Background: Castleman disease (CD) is a rare lymphoproliferative disorder, with intracranial involvement being exceedingly rare. Unicentric Castleman disease (UCD) is typically benign and localized, but its presentation can mimic other intracranial pathologies, complicating diagnosis.
Case description: We reported a 52-year-old woman who presented with progressive headaches and language disturbances.

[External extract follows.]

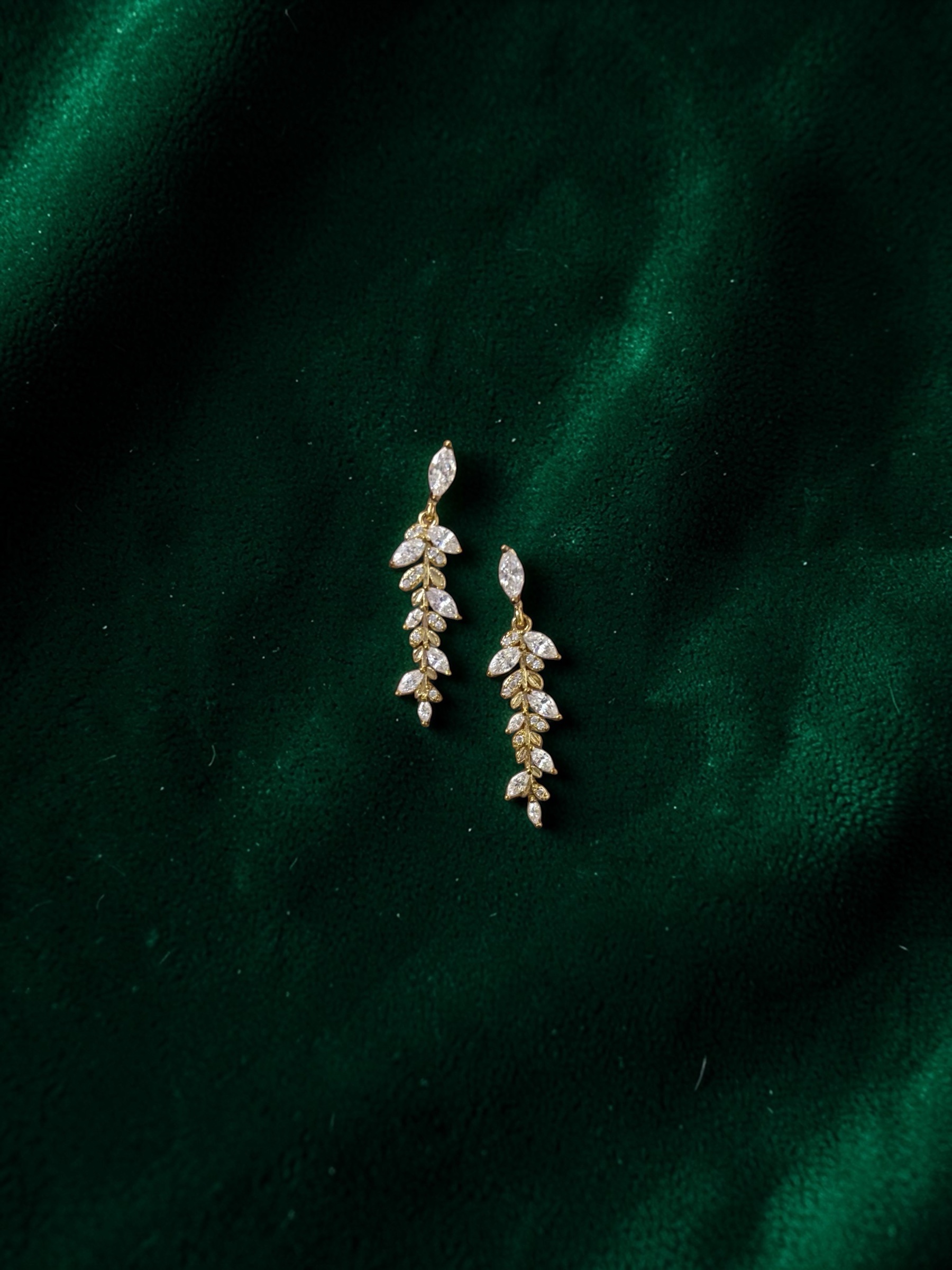 Leaf veil style dangling earrings with a sleek, flowing design. Anti-tarnish, premium quality and perfect for any occasion.

Imaging, including MRI and CT, revealed an extra-axial left frontotemporal lesion initially diagnosed as an en plaque meningioma. Surgical resection of the lesion was performed. Histopathological examination revealed UCD with plasma cell predominance, characterized by lymphoid hyperplasia and concentric germinal centers. Immunohistochemical staining confirmed the diagnosis, with positive markers including CD20, CD3, and CD16.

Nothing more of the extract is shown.